Question

Show that in a collision between a heavy particle and an electron the highest speed the electron can receive is 2Mv/(M+mo), where v is the speed of the heavy particle and M and mo are the rest masses of the heavy particle and the electron. Assume non-relativistic particles.

Answer 1

Answer:

$v_{m} =2Mv/(M+m)$

Explanation:

1. We have to apply the momentums conservation principle.

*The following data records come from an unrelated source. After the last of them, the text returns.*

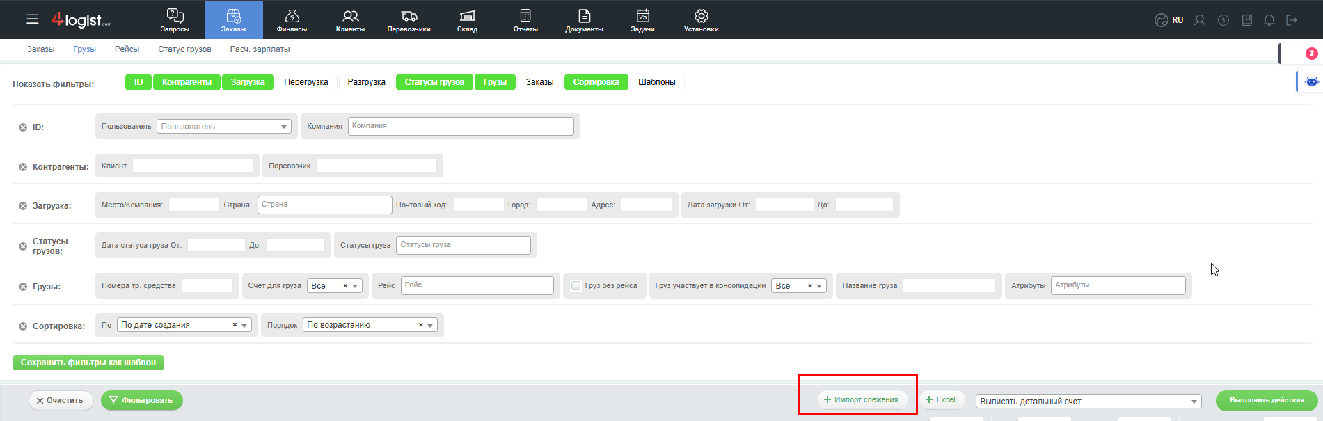 Эта опция позволяет массово загружать актуальные статусы грузов в систему с помощью импорта.
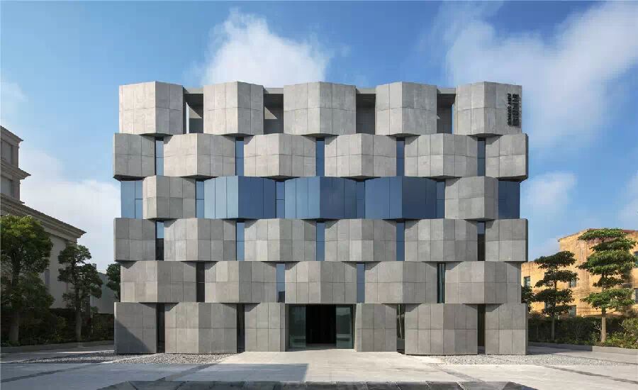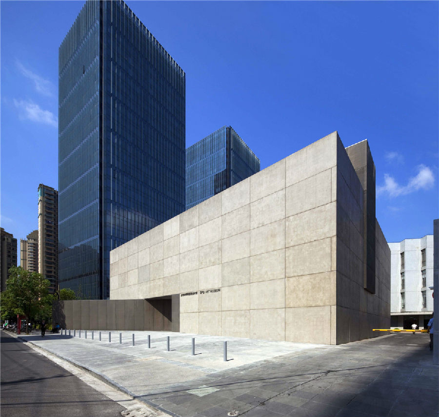 上海油雕院美术馆是我第一个完成度较高的建筑作品。在赢得竞赛之后,我至少做过50个不同的立面方案供一轮又一轮的筛选,这可能可以从一个侧面反映出青年建筑师在中国做建筑设计所要面临的境况,而我实在是幸运很多了。领导最终选择了混凝土立面方案,因为外观方正大器,造价可控。这样的过程就像是长跑,你必须有足够的耐力和信心,积极地面对一切挑战,才能走到最后。
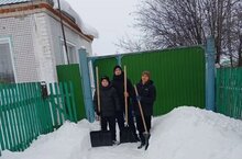 Учащиеся 7-го класса провели субботник по уборке снега возле домов пожилых жителей нашего села. Ребята помогли Каримовой Р.Х. в уборке придомовой территории от снега.
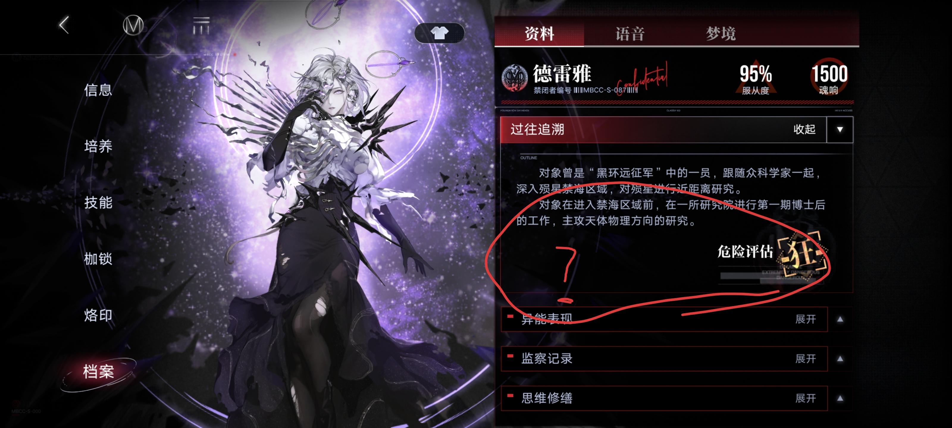 事先声明:不朽阵营禁闭者我抽了四个(离尘,源津,赫斯提亚,德雷雅),另外几个我是没有的(派尔琪雅,瓦尼菈,米格蕾),这些我看不到游戏内档案,只能在无期迷途wiki看一下做个参考,所以可能有些地方不准确。一. 德雷雅没有过往追溯第二条一般过往追溯第二条没有的禁闭者有这么几种情况:1. 剧情上(暂时)没有被收容- 可能主线有后续内容如:- 联动角色如:2. 特殊角色(这个条目被删除)如
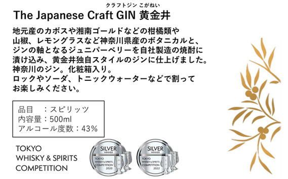 自社製造の焼酎をベースに、カボスや山椒など神奈川県産のボタニカルとジンの軸となるジュニパーベリーを風味原料として使用し、爽やかに香る黄金井独自スタイルのジンに仕上げました。ロックやソーダ、トニックウォーターなどで割ってお楽しみください。
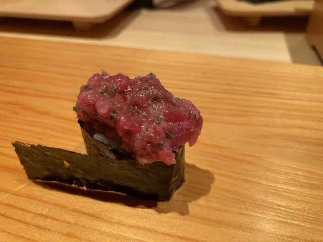 握りは甘味、酸味、塩味のバランス、口の中に残って舌で追う塩梅共に素晴らしく…小肌や鮪達が特に印象に残っています。お隣にいらした東京の有名店の大将と大将同士のやり取りも最高のあてでした。贅沢をしましたが、一点の後悔もないです笑
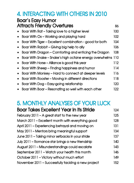 "The BOAR benefits fabulously from the powerful 8 star but must cope with conflicts. Update your feng shui correctly and good chi flows, bringing excellent luck continuously. FIND OUT HOW! In this book discover how you can
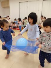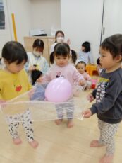 その後は、風船運びゲームを楽しんだり、手をつないで慣れ親しんだ
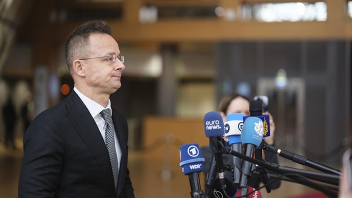 Budapest has also blocked the EU’s 20th package of sanctions on Russia amid an oil supply row with Kiev · BRUSSELS, BELGIUM - FEBRUARY 23: Hungarian Foreign Minister Peter Szijjarto speaks to media in Brussels, Belgium on February 23, 2026. © Getty Images / Thierry Monasse · [RT] Hungary has blocked the EU’s proposed €90 billion ($106 billion) emergency loan for Ukraine, as well as the latest package of sanctions on Russia,…

The momentum before the collision is the same at the momentum after the collision.
2. If the electron receives the highest speed possible, so the energy is conserved during the collision.

before the collision, the velocity of the heavy particle is v:

$p=Mv$

$E=1/2Mv^2$

After the collision :

$p=mv_{m}+Mv_{M}$

$E=1/2mv_{m} ^{2} +1/2Mv_{M} ^{2}$

So:

$Mv=mv_{m}+Mv_{M}$      (1)

$1/2Mv^{2}=1/2mv_{m} ^{2} +1/2Mv_{M} ^{2}$ ⇒ $Mv^{2}=mv_{m} ^{2} +Mv_{M} ^{2}$                  (2)

in the first equation:

$v_{M} ^{2}=(1/M*(Mv-mv_{m}))^{2}$

if we replace $v_{M}$ in the equation (2):

$Mv^{2}=mv_{m} ^{2}+1/M*(Mv-mv_{m})^{2}$

$M^{2}*v^{2}=mMv_{m} ^{2}+M^{2}*v^{2}-2Mmvv_{m}+m^{2}v_{m}^{2}$

so:

$0=Mv_{m} ^{2}-2Mvv_{m}+mv_{m}^{2}$

$2Mvv_{m}=Mv_{m} ^{2}+mv_{m}^{2}=v_{m} ^{2}(M+m)$

Finally:

$v_{m} =2Mv/(M+m)$